• Information supplied:

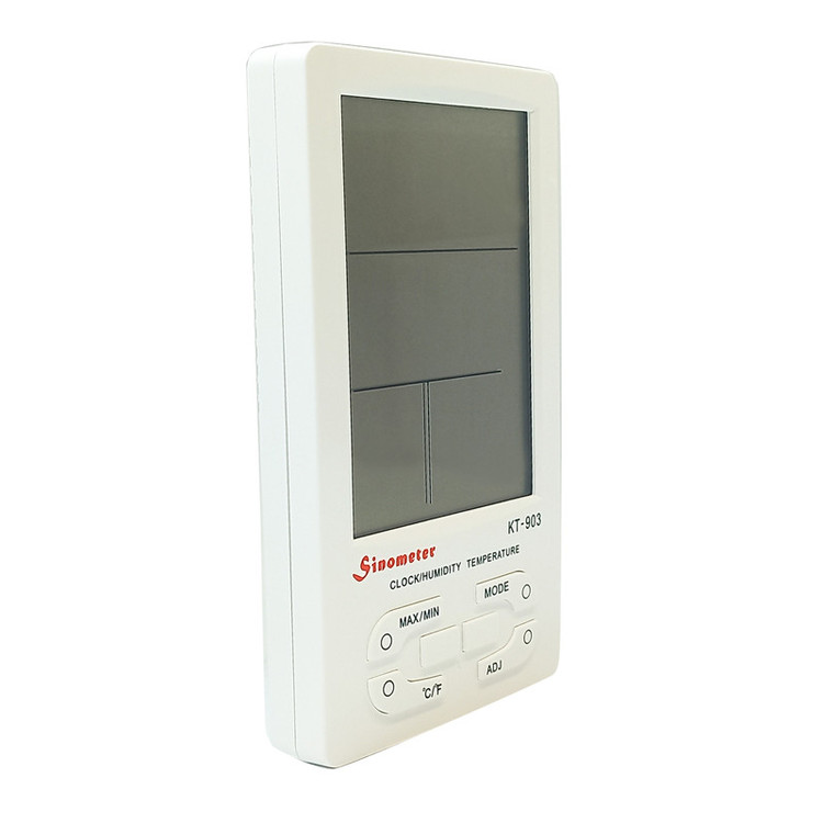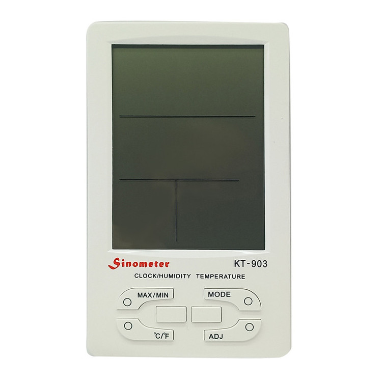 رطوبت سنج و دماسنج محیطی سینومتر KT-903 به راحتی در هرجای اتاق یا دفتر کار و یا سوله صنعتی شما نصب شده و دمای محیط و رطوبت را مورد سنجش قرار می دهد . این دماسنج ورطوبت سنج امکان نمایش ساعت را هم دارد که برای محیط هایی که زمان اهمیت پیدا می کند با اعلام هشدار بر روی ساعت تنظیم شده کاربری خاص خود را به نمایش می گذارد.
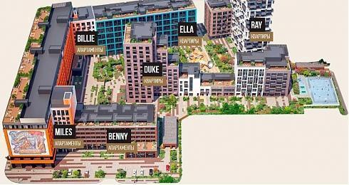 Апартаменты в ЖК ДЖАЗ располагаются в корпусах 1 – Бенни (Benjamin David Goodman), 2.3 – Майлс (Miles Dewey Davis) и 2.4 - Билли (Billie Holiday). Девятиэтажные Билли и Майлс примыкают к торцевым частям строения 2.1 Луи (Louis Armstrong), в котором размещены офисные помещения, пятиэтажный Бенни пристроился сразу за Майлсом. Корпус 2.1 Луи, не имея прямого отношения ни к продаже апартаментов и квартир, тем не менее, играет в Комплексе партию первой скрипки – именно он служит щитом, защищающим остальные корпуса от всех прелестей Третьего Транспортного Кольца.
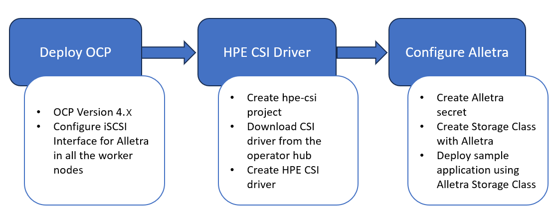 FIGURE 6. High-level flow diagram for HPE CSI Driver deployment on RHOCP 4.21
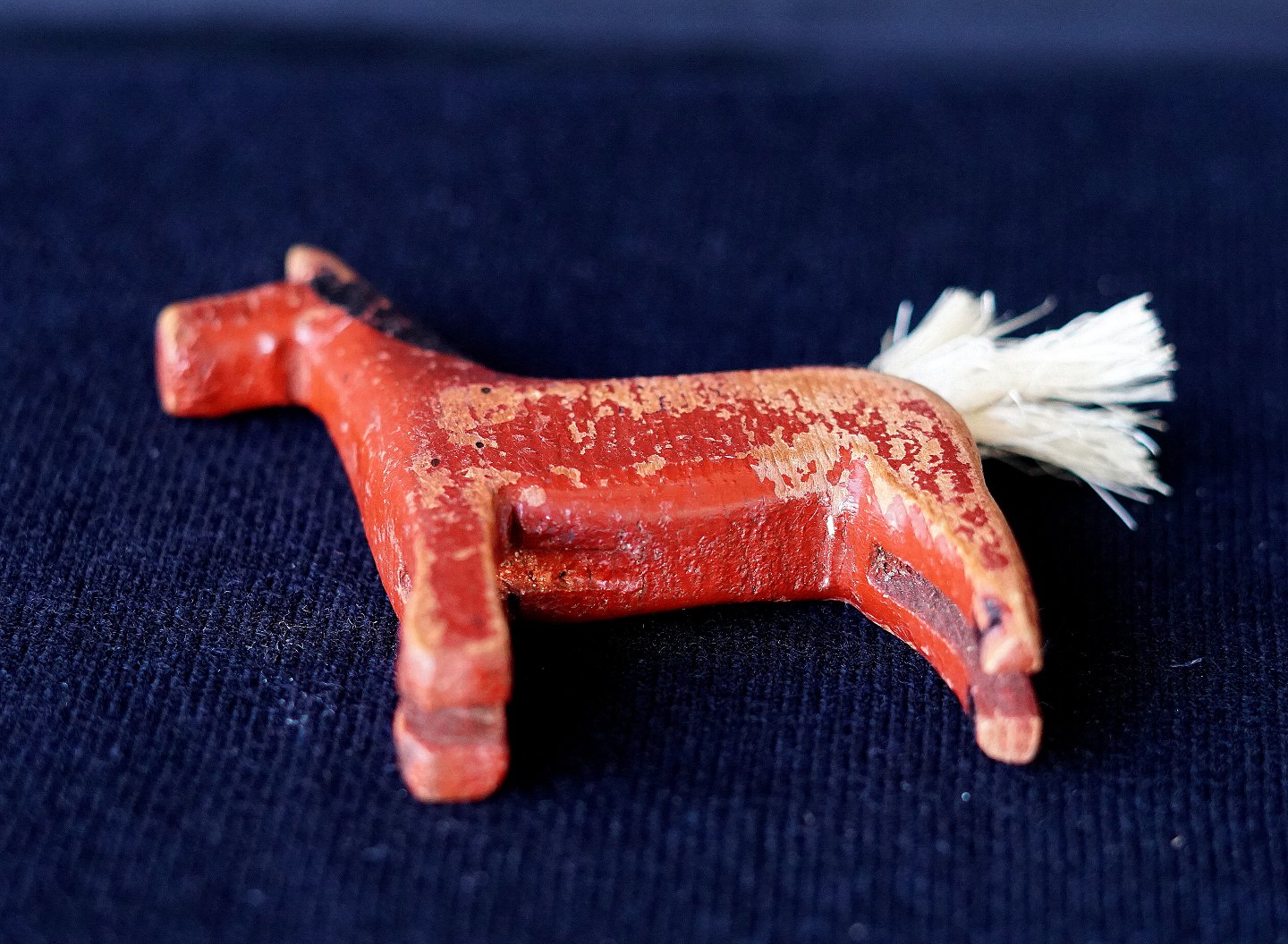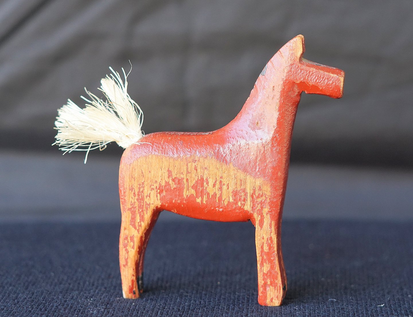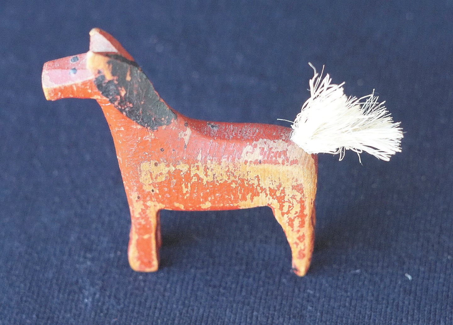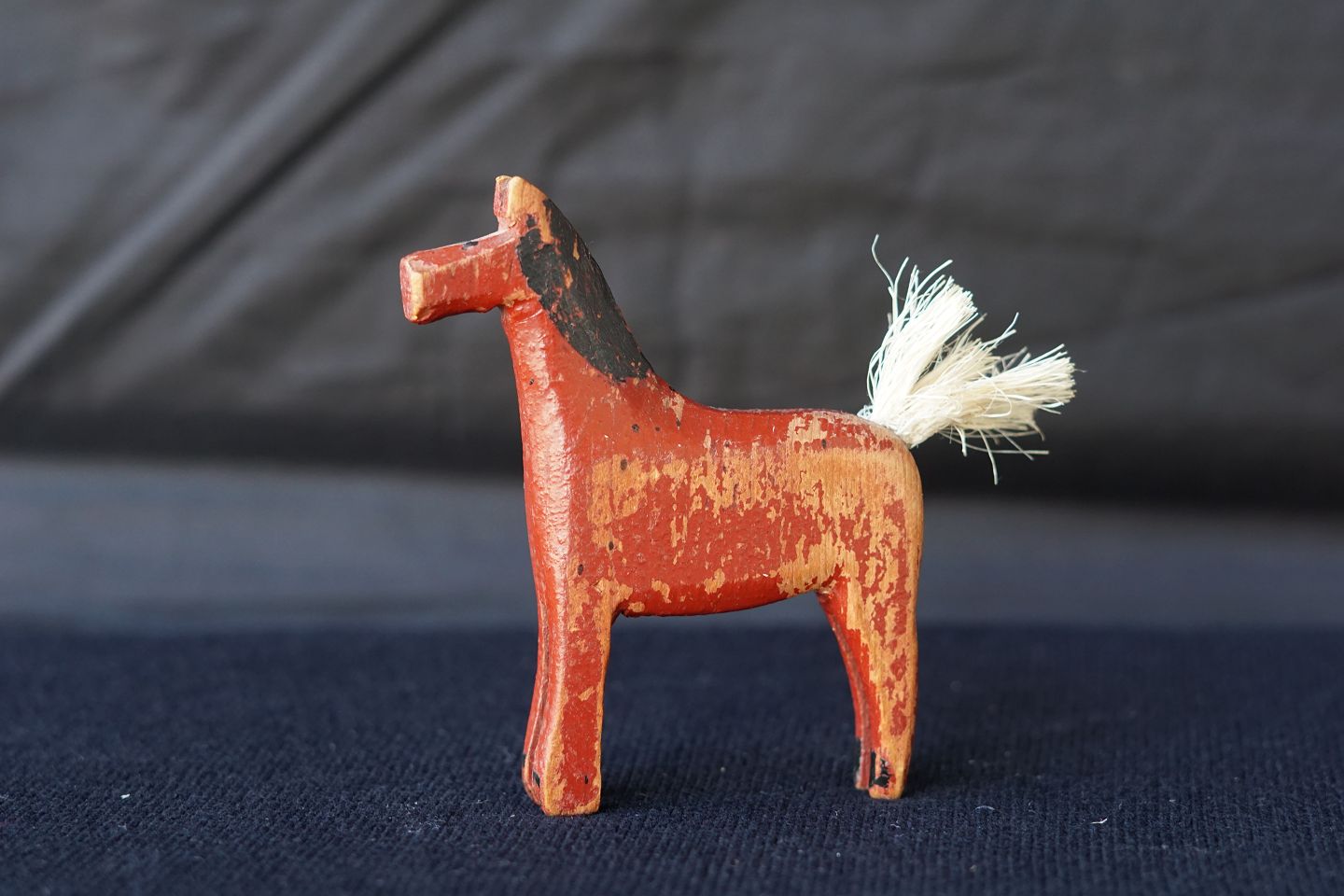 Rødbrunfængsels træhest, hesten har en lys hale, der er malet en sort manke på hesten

• Activity: The whole listing, minus its images, should be repeated exactly.

• Task solution:
 رطوبت سنج و دماسنج محیطی سینومتر KT-903 به راحتی در هرجای اتاق یا دفتر کار و یا سوله صنعتی شما نصب شده و دمای محیط و رطوبت را مورد سنجش قرار می دهد . این دماسنج ورطوبت سنج امکان نمایش ساعت را هم دارد که برای محیط هایی که زمان اهمیت پیدا می کند با اعلام هشدار بر روی ساعت تنظیم شده کاربری خاص خود را به نمایش می گذارد.
 Апартаменты в ЖК ДЖАЗ располагаются в корпусах 1 – Бенни (Benjamin David Goodman), 2.3 – Майлс (Miles Dewey Davis) и 2.4 - Билли (Billie Holiday). Девятиэтажные Билли и Майлс примыкают к торцевым частям строения 2.1 Луи (Louis Armstrong), в котором размещены офисные помещения, пятиэтажный Бенни пристроился сразу за Майлсом. Корпус 2.1 Луи, не имея прямого отношения ни к продаже апартаментов и квартир, тем не менее, играет в Комплексе партию первой скрипки – именно он служит щитом, защищающим остальные корпуса от всех прелестей Третьего Транспортного Кольца.
 FIGURE 6. High-level flow diagram for HPE CSI Driver deployment on RHOCP 4.21
 Rødbrunfængsels træhest, hesten har en lys hale, der er malet en sort manke på hesten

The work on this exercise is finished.